I am confident that we can produce a transformational FAA bill that
will restore our global leadership position in aviation and ensure that
the United States has the safest, most efficient aviation system in the
world. In the meantime, we need to pass this short-term extension, and
I urge all of my colleagues to support it.
I reserve the balance of my time.
Mr. DeFAZIO. Mr. Speaker, I yield myself such time as I may consume.
Here we are in the first or second short-term extension of the FAA,
hopefully the last. The Senate has introduced a bill and I have had an
opportunity to review the Senate bill. If you put the bills side by
side, you will find very substantial agreement. In fact, there is very
substantial agreement in the House over many of the critical provisions
of the bill that relate to safety, to the future regulation of drones,
to flight attendant risk, and numerous other provisions that were
agreed upon during the markup.
The one major disagreement between the House and the Senate bills is
the same disagreement that exists here in the House, which is over the
privatization of the air traffic operations in this country.
I am not going to regurgitate the entire debate again here on the
floor. The point is, with both bills being so similar, absent
privatization, we could move well within the temporary extension.
In fact, we could probably have a bill done--well, we are not here
very much. Congress is having, I think, a record few number of
legislative days this year--but whenever we are going to be around
again. I think there is a week in April and maybe a couple of days in
May when we are going to be here and we could get this done. That seems
to me to be the more prudent course.
The chairman and I do agree on what needs to be addressed at the FAA.
First off, the biggest problem the FAA has is the United States
Congress--the stupid shutdowns, sequestration, and other things which
have interrupted critical work, including procurement, and which have
certainly interrupted the orderly operation of the air traffic control
system.
How do we protect the FAA from Congress and idiots who want to shut
down the government?
That is a tough one. I propose mandatory spending. The FAA is
virtually self-funding. With the current tax structure and without
adopting a controversial new private fee structure that would be put
through by the nonprofit corporation, the existing tax structure can
pay for virtually 100 percent of the FAA, as it is, on an ongoing
basis. If we adopted some efficiencies with a couple of other reforms,
it would be in very, very robust shape and we would no longer have to
rebut the idiocy of government shutdowns.
Now, there are certainly other parts of the government I care about
that shouldn't be shut down, but at least mandatory spending here, like
with Social Security checks and veterans' benefits, would say no, this
is critical; it will continue even if, for some reason, Congress is so
dysfunctional as to shut down funding for the government.
Secondly, procurement. Congress has been trying to reform procurement
at the FAA since 1996. Unfortunately, back then, Congress didn't
mandate procurement reforms. They merely gave the FAA license to depart
from Federal procurement procedures if they so wished. In the end,
unfortunately, either through the initiative of the FAA's or perhaps of
some of the people down at the Office of Management and Budget, the
procurement reforms were not done. In fact, they ended up with a system
that is pretty much the same as the other, which is perhaps even less
functional than those of other Federal agencies.
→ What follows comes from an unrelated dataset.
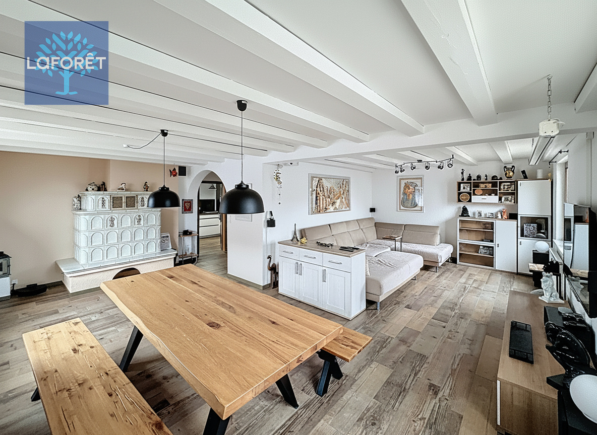 - Espace de vie avec un grand séjour lumineux de plus de 40m² et son kachelofe,

Finally, personnel. Again, in 1996--20 years ago--Congress, in
recognizing this problem, gave the FAA the opportunity, the discretion,
to adopt different personnel procedures, particularly as it relates to
the mid-level bureaucratic bulge in the agency which does lead to some
analysis, paralysis, and other problems that slow down needed measures
or actions by the FAA.
I offered a very simple amendment that addressed those three things.
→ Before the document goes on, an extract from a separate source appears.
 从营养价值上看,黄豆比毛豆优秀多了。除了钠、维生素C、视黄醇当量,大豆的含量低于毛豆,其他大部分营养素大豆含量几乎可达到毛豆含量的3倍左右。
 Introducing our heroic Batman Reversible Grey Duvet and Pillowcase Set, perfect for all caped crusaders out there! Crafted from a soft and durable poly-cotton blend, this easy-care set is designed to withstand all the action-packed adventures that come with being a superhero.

It shouldn't be controversial. It says let the FAA fund itself with the
existing tax structure and make that mandatory spending so we never
shut them down again. Let's have procurement reforms and personnel
reforms that are mandatory.
{time} 1700
Unfortunately, that amendment failed and, instead, this privatization
proposal prevailed. But that now has brought us to this point where,
what is the path forward?
Okay. We are now going to extend this agency temporarily until just
before the longest summer break in history for Congress. Well, I guess
back in
[[Page H1322]]
the 1940s and 1950s they used to take the summers off. But at least
since the invention and installation of air-conditioning, it is the
longest summer break in history.
So we have to get it done before then. Otherwise, Congress won't be
back until sometime in September for a couple of days when it is not
likely to do any major legislation.
The stability and the predictability that we need with the FAA, the
reforms we need--not just the ones I mentioned, but the reforms in
drones, the reforms to give flight attendants the same mandatory rest
hours and many, many other provisions--that are in agreement between
the House and the Senate should not have to wait.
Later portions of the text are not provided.